%%
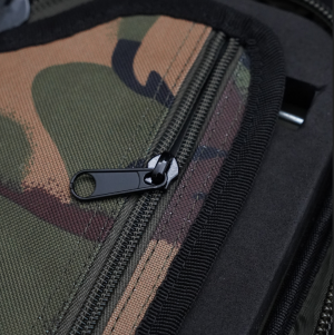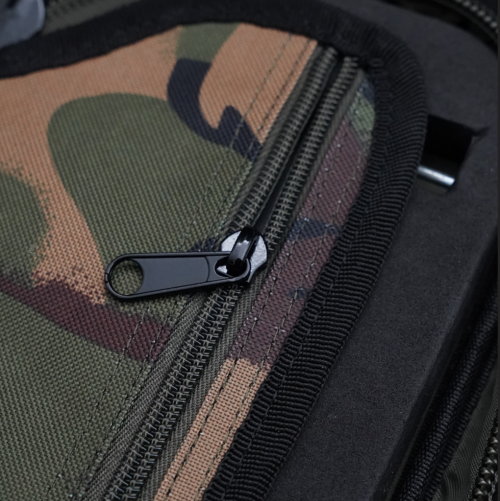 Uzamykatelná přihrádka pro bezpečné uložení drobných komponentů. Tuhá vnitřní vrstva EVA s kolíky (součástí balení) pro fixaci návazců, která zabraňuje pohybu a poškození obsahu. Odolný materiál DPM kamufláž 600D, který zajišťuje dlouhou životnost a odolnost vůči povětrnostním vlivům.
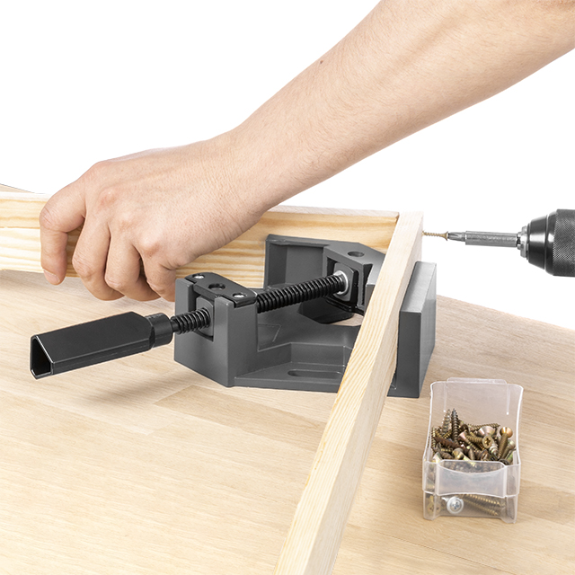 Кутова струбцина для зовнішніх кутів призначена для надійної та точної фіксації деталей під кутом 90 градусів. Це дуже популярний та корисний інструмент під час різних столярних робіт для склеювання поверхонь під прямим кутом. Використовується для виготовлення дерев'яних рамок, каркасів, коробків, ящиків. Також може застосовуватися як затискний пристрій для кутових з'єднань і кріплення цвяхів, зварювання, загвинчування тощо.
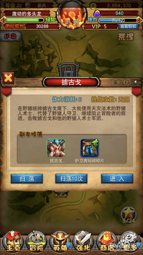 点击游戏本家儿菜单冒险,再点击子菜单副本按钮。
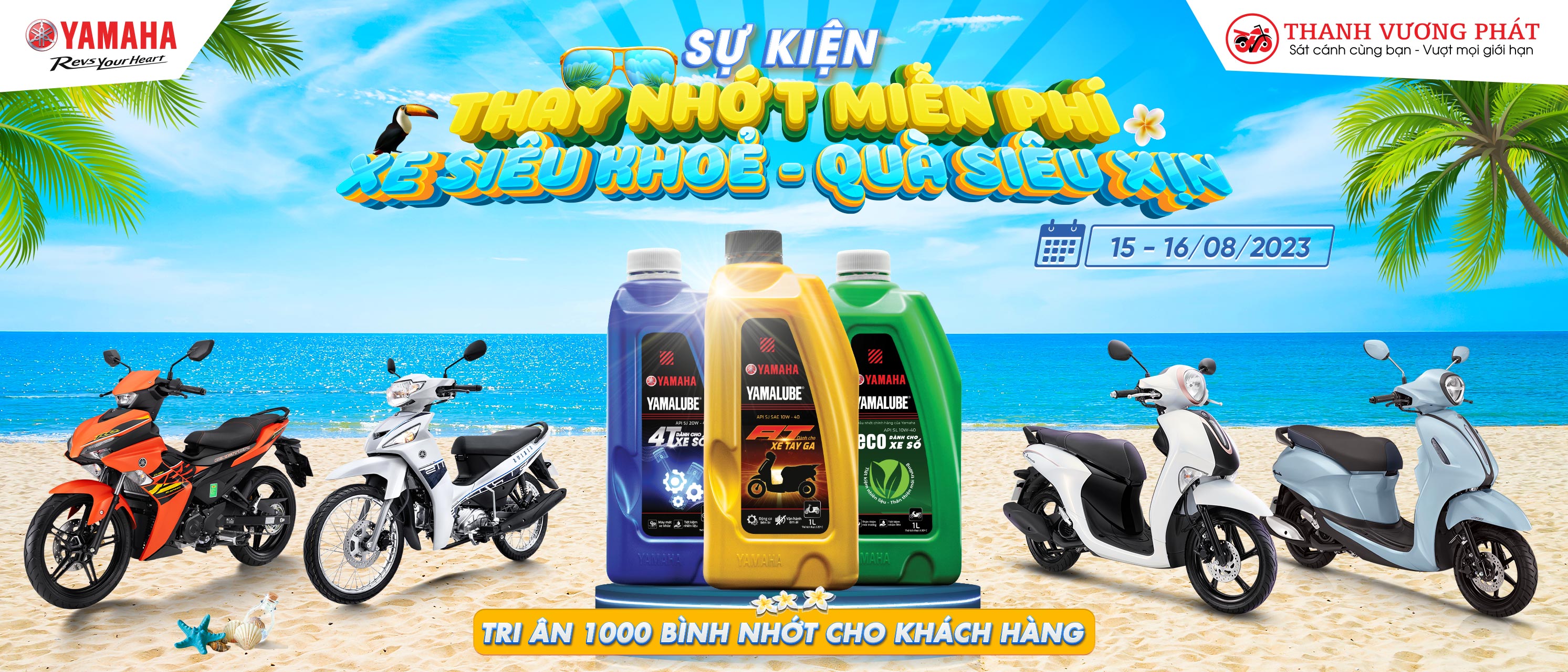 CÔNG TY TNHH MTV THANH VƯƠNG PHÁT XIN THÔNG BÁO SỰ KIỆN THAY NHỚT MIỄN PHÍ "XE SIÊU KHỎE - QUÀ SIÊU XỊN" TRI ÂN 1000 KHÁCH HÀNG ĐANG SỬ DỤNG CÁC DÒNG XE YAMAHA.
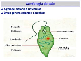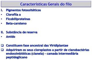 The document discusses several species of glaucophyte algae, including Glaucocystis nostochinearum, Cyanophora paradoxa, and the genus Gloeochaete. It provides links to web pages with more information and photos of glaucophytes and euglenoids, including images of the zoospore of Gloeochaete and an algal bloom in a Brazilian lagoon.
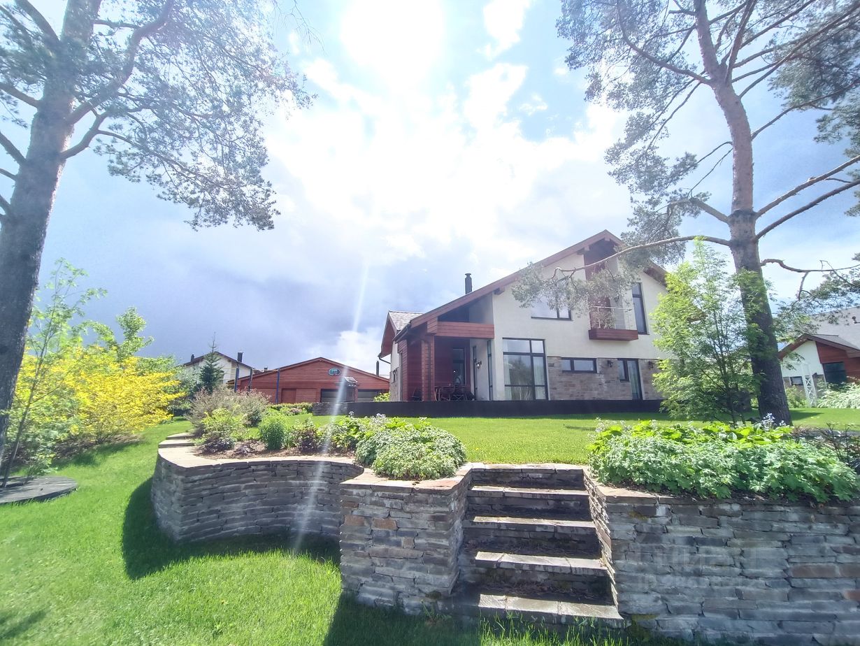 Двухэтажный загородный дом, площадью 219 кв. м., располагается на 12 сотках и полностью готов к проживанию. По всему периметру участка сделан ландшафтный дизайн. В доме организованы СПА зона с русской баней и купелью! Удобная и функциональная планировка внутренних помещений располагает к комфортному проживанию и отдыху. На первом этаже - кухня со встроенной мебелью полностью оборудована современной бытовой техникой, плавно переходящая в гостиную, с выходом на террасу с барбекю зоной. Кабинет и удобные хозяйственные помещения и гардеробные. На втором этаже три спальни, одна из которых мастер-спальня с выходом на балкон, со своей гардеробной комнатой и санузлом, а также две детские спальни, в одной из которых сделано ''Звёздное небо'' на потолке, выход на балкон. В доме 4-ре санъузла, душевые кабины и ванна.
%%
*Exercise prompt*:
Copy all of the entries verbatim, leaving out any pictures they contain.

*Result of this task*:
 Uzamykatelná přihrádka pro bezpečné uložení drobných komponentů. Tuhá vnitřní vrstva EVA s kolíky (součástí balení) pro fixaci návazců, která zabraňuje pohybu a poškození obsahu. Odolný materiál DPM kamufláž 600D, který zajišťuje dlouhou životnost a odolnost vůči povětrnostním vlivům.
 Кутова струбцина для зовнішніх кутів призначена для надійної та точної фіксації деталей під кутом 90 градусів. Це дуже популярний та корисний інструмент під час різних столярних робіт для склеювання поверхонь під прямим кутом. Використовується для виготовлення дерев'яних рамок, каркасів, коробків, ящиків. Також може застосовуватися як затискний пристрій для кутових з'єднань і кріплення цвяхів, зварювання, загвинчування тощо.
 点击游戏本家儿菜单冒险,再点击子菜单副本按钮。
 CÔNG TY TNHH MTV THANH VƯƠNG PHÁT XIN THÔNG BÁO SỰ KIỆN THAY NHỚT MIỄN PHÍ "XE SIÊU KHỎE - QUÀ SIÊU XỊN" TRI ÂN 1000 KHÁCH HÀNG ĐANG SỬ DỤNG CÁC DÒNG XE YAMAHA.
 The document discusses several species of glaucophyte algae, including Glaucocystis nostochinearum, Cyanophora paradoxa, and the genus Gloeochaete. It provides links to web pages with more information and photos of glaucophytes and euglenoids, including images of the zoospore of Gloeochaete and an algal bloom in a Brazilian lagoon.
 Двухэтажный загородный дом, площадью 219 кв. м., располагается на 12 сотках и полностью готов к проживанию. По всему периметру участка сделан ландшафтный дизайн. В доме организованы СПА зона с русской баней и купелью! Удобная и функциональная планировка внутренних помещений располагает к комфортному проживанию и отдыху. На первом этаже - кухня со встроенной мебелью полностью оборудована современной бытовой техникой, плавно переходящая в гостиную, с выходом на террасу с барбекю зоной. Кабинет и удобные хозяйственные помещения и гардеробные. На втором этаже три спальни, одна из которых мастер-спальня с выходом на балкон, со своей гардеробной комнатой и санузлом, а также две детские спальни, в одной из которых сделано ''Звёздное небо'' на потолке, выход на балкон. В доме 4-ре санъузла, душевые кабины и ванна.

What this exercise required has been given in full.